#### [Problem description]
From the line with "瞧!在每張餐桌上,都放著(z" down to the final line of the material, please transcribe everything exactly, but leave the pictures out.

#### [Dataset excerpt]
+===+
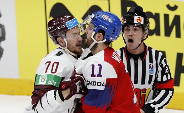Сборная Латвии в 12-й раз играла с чехами на чемпионатах мира. Прежде лишь в трех встречах латвийцам удалось забросить более одной шайбы. Казалось, результативный первый период добавит латвийцам уверенности и позволит побороться за историческую победу, но в начале второго периода Марис Бичевскис толкнул Ржепика в борт и получил «5+20». Справедливости ради, нужно сказать, что нарушение было, но на удаление до конца матча оно не тянуло. Тренер сборной Латвии Боб Хартли пришел в ярость от судейского решения, орал и пытался что-то доказать арбитру, но тот остался непреклонным. Сборной Латвии пришлось пять минут играть в меньшинстве.
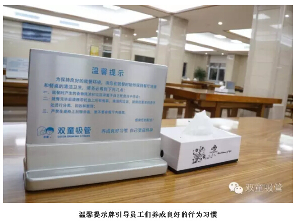 瞧!在每張餐桌上,都放著(zhù)一塊精致的標牌,溫馨提示著(zhù)員工在就餐時(shí)哪些事情應該做,哪些事情不能做,一目了然!
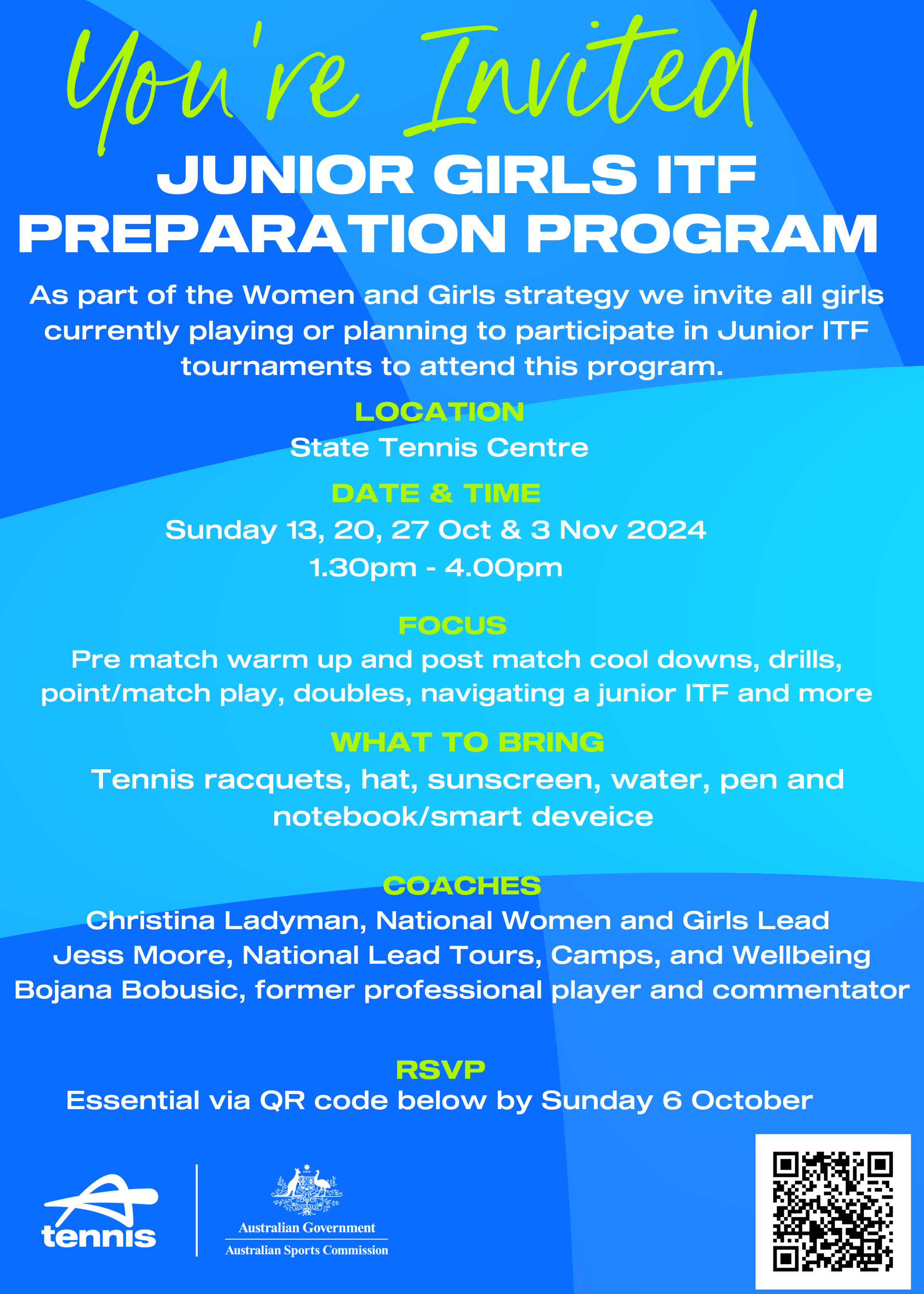 The sessions will be held at the State Tennis Centre on Sunday afternoons from 1:30 PM to 4:00 PM, starting on October 13. Each session runs for 2.5 hours. The program is open to all girls currently playing or planning to participate in Junior ITF tournaments. We recommend discussing your participation with your private coach.
+===+
#### [Result of this task]
 瞧!在每張餐桌上,都放著(zhù)一塊精致的標牌,溫馨提示著(zhù)員工在就餐時(shí)哪些事情應該做,哪些事情不能做,一目了然!
 The sessions will be held at the State Tennis Centre on Sunday afternoons from 1:30 PM to 4:00 PM, starting on October 13. Each session runs for 2.5 hours. The program is open to all girls currently playing or planning to participate in Junior ITF tournaments. We recommend discussing your participation with your private coach.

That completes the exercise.